Mrs. Stanton presented the same address before the House Judiciary Committee, February 11, with the result that for the first time in history a majority House report in favor of a Sixteenth Amendment was submitted. It was presented by Lucien B. Caswell (Wis.) and said in conclusion: "The disfranchisement of twelve millions of people, who are citizens of the United States, should command from us an immediate action. Since the women of. this country are unjustly deprived of a right so essential to complete citizenship in a republic as the elective franchise, common justice requires that we should submit the proposition for a change in the fundamental law to the State Legislatures, where the correction can be made."[1]

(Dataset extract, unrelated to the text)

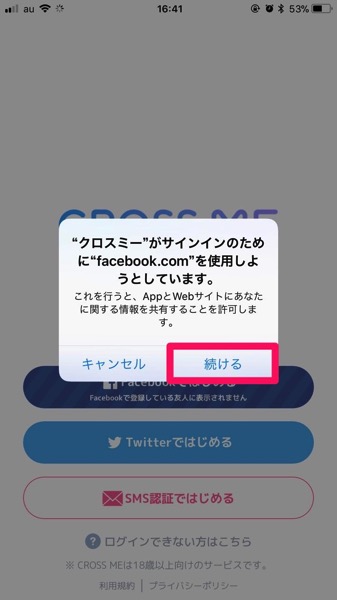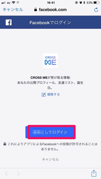 「クロスミーがサインインのためにfacebook.comを使用しようとしています」が表示されたら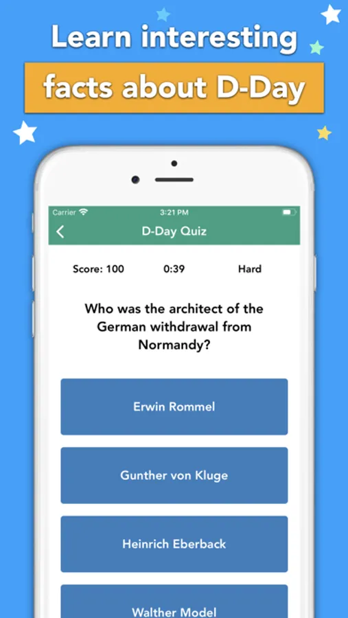 If you have any questions about this app or would like to request new features, please contact us at ddayquizgame@codeprostudios.com!

The fiftieth birthday of Susan B. Anthony had been celebrated in New York City in 1870 by a large number of prominent men and women, the first instance of the kind on record. It had been decided by her friends that her seventieth birthday should receive a similar recognition, but that it should be more national in character. The arrangements were made by Mrs. May Wright Sewall and Mrs. Rachel Foster Avery, and on the evening of February 15 a distinguished company of two hundred sat around the banquet tables in the great dining-room of the Riggs House. Miss Anthony occupied the place of honor, on her right Senator Blair and Mrs. Stanton, on her left Robert Purvis, Mrs. Isabella Beecher Hooker and Mrs. Sewall, who presided. In addition to the after-dinner speeches of these distinguished guests there were clever and sparkling responses to toasts by the Rev. Anna Howard Shaw, Mrs. Matilda Joslyn Gage, Miss Phoebe W. Couzins, the Rev. Frederick A. Hinckley, Representative J. A. Pickler (S. D.), Mrs. Colby, Mrs. Stanton's two daughters—Mrs. Harriot Blatch and Mrs. Margaret Lawrence—Mrs. Laura Ormiston

  1. The other members in favor of this report were Ezra B. Taylor, O., Chairman; George E. Adams, Ill.; James Buchanan, N. J.; Albert C. Thompson, O.; H. C. McCormick, Penn., and Joseph R. Reed, Ia. The six members from the Southern States were opposed.